▸ Task description: In the data below, begin at the line with "防鳥ネットの張り方をもっと丁" and stop after the line with "第10行:PATH=$PAT"; output those lines exactly and no pictures.

▸ Data for this exercise:
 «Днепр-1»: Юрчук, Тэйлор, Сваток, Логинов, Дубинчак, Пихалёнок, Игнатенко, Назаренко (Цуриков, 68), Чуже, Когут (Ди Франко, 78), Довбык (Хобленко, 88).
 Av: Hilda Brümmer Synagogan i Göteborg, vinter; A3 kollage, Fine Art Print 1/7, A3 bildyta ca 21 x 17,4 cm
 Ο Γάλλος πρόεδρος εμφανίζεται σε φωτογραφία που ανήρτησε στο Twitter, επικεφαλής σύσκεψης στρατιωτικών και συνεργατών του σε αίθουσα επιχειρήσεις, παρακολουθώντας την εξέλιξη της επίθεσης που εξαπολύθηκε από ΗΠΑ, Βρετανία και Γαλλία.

---

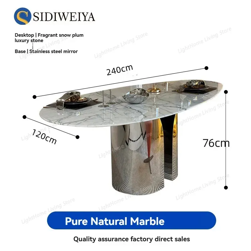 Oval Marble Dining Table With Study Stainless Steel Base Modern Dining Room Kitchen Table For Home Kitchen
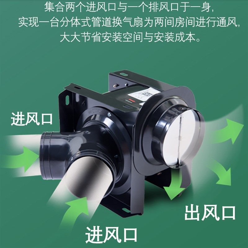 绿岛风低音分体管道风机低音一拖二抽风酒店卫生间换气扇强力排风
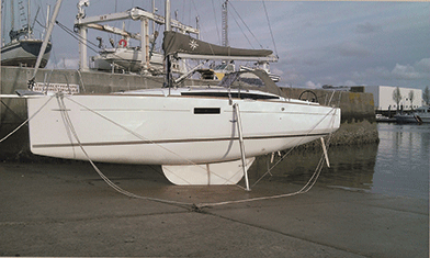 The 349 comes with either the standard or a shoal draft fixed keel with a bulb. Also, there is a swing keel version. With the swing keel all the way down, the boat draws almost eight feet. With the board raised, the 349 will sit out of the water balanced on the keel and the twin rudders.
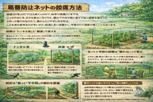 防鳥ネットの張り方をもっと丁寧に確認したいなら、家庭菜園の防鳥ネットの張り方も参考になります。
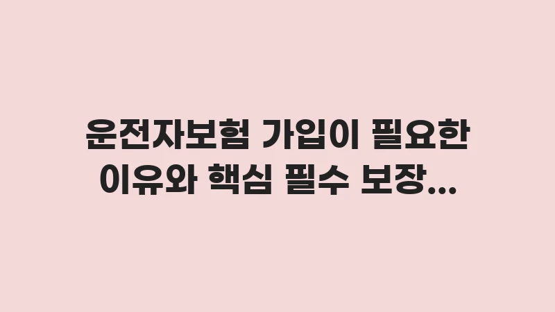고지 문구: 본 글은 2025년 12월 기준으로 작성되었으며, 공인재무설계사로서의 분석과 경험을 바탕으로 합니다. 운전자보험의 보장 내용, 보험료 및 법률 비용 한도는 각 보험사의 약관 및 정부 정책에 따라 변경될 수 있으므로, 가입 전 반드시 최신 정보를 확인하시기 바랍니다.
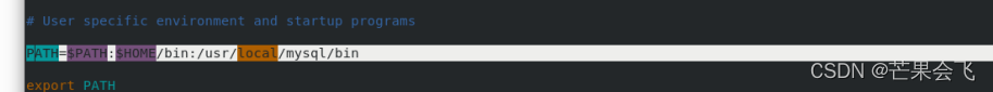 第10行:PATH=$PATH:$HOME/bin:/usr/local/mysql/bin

▸ Task output:
 防鳥ネットの張り方をもっと丁寧に確認したいなら、家庭菜園の防鳥ネットの張り方も参考になります。
고지 문구: 본 글은 2025년 12월 기준으로 작성되었으며, 공인재무설계사로서의 분석과 경험을 바탕으로 합니다. 운전자보험의 보장 내용, 보험료 및 법률 비용 한도는 각 보험사의 약관 및 정부 정책에 따라 변경될 수 있으므로, 가입 전 반드시 최신 정보를 확인하시기 바랍니다.
 第10行:PATH=$PATH:$HOME/bin:/usr/local/mysql/bin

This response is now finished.